I thank Baum and Schwartz for all the deliciousness and then walk (I wish I had Dizengoff's horse) back to Old Jaffa. It takes some looking, but at the top of the hill I find Yoko Kitahara House of Treatments & Gallery, a spa hidden behind a small iron gate marked with scarcely more than a business card. I ring the bell and enter a sparse space inside a pair of 500-year-old, arch-ceilinged Ottoman homes. My appointment begins with a traditional ashiyu (Japanese footbath) and continues with a hogushi aromatherapy massage. Afterward, I have a cup of tea while seated on a tatami mat, looking out a window at the sea and chatting with the spa's eponymous owner, who says she moved to Tel Aviv “for love."
Suspended Orange Tree, in Old Jaffa
“I wanted to do a nice place in Jaffa," Kitahara says, “but I didn't want to create a Japanese 'shrine.' We want it to be a surprise, a hidden place with some Israeli culture and Japanese culture—to make harmony."
I tend to prefer cacophony to harmony, so next I peruse the flea market, which is surrounded by bustling bars and trendy boutiques. I stop at the gallery 8 in Jaffa to gawk at grotesque ceramic sculptures by Alma Moriah-Winik, and at The Cuckoo's Nest, an antiques shop/gallery/bar, to take in a heart sculpture composed of paint brushes. Just across Jerusalem Boulevard, I reach my new digs, The Drisco Hotel, a landmark boutique hidden down a narrow street at the crossroads of Jaffa, Neve Tzedek, and Florentin. Nap time!
“My first bite of falafel send me reeling. Literally, I almost fall down."

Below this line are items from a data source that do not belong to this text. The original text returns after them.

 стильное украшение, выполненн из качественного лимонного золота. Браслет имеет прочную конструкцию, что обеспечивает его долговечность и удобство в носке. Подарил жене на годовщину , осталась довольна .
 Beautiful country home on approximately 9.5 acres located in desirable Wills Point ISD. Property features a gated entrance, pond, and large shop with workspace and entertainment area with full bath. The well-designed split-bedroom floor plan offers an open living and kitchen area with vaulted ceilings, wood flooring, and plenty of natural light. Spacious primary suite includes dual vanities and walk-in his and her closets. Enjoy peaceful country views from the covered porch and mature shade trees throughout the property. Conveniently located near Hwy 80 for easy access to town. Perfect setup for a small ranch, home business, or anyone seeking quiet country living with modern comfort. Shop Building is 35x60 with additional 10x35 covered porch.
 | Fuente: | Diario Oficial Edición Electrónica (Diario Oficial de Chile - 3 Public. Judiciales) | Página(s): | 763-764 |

Mushrooms and tapioca at Opa
The sun has set by the time I'm done snoozing, and I'm (miraculously) ready for dinner. It seems as though every wall and garage door in Florentin bursts with graffiti, which makes the unadorned white decor at Opa, around the corner from the Levinsky Market, even more sleek and refreshing. That description also applies to the entirely vegetarian menu: sliced pears with chervil and green garlic; a prime rib–like cut of red cabbage with grapefruit foam and white balsamic dressing; a circular presentation of mushrooms and crispy tapioca that I'm not sure if I should eat or wear on my head like a crown. Who needs protein?

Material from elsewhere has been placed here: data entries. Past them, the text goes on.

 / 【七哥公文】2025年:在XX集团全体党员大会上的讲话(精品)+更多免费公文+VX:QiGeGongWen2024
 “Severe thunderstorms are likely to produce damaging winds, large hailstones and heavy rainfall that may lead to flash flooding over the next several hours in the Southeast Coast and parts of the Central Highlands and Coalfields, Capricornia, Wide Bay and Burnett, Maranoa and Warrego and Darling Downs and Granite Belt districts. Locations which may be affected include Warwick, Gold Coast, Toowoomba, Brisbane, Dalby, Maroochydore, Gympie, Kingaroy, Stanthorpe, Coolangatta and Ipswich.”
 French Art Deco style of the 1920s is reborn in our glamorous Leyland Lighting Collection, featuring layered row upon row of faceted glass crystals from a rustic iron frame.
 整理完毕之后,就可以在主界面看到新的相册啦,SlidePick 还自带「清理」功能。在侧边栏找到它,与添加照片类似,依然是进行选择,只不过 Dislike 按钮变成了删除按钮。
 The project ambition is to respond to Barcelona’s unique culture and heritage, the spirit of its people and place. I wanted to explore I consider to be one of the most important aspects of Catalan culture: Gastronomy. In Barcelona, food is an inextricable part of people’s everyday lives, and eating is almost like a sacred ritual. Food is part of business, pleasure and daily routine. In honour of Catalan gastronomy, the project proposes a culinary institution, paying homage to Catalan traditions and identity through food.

I finish my meal just in time to make the curtain at the Suzanne Dellal Centre for Dance and Theatre, a performing arts hub that sparked the renaissance of Neve Tzedek and is home to the famed Batsheva Dance Company. On stage tonight is The Hill, in which a trio led by choreographer Roy Assaf enacts a visceral portrayal of the experiences of veterans—a particularly relevant topic in a country that has compulsory military service and has been through numerous conflicts with its neighbors. The depiction of PTSD, in which one of the dancers repeatedly hits himself in the head while one of the others tries to restrain him, is breathtaking.
Spices at the Carmel Market
After the show I stop by the center's chic new restaurant, Cordero, to have a glass of Burgundy with Claudio Kogon, the deputy director of the center. “We are only 8 million people, but the amount of culture per capita is huge," says Kogon, who was born in Buenos Aires but moved to Israel 32 years ago, at the age of 22, to live on a kibbutz. “Tel Aviv is very vibrant. In every corner, something is going on. And in dance, we are a superpower."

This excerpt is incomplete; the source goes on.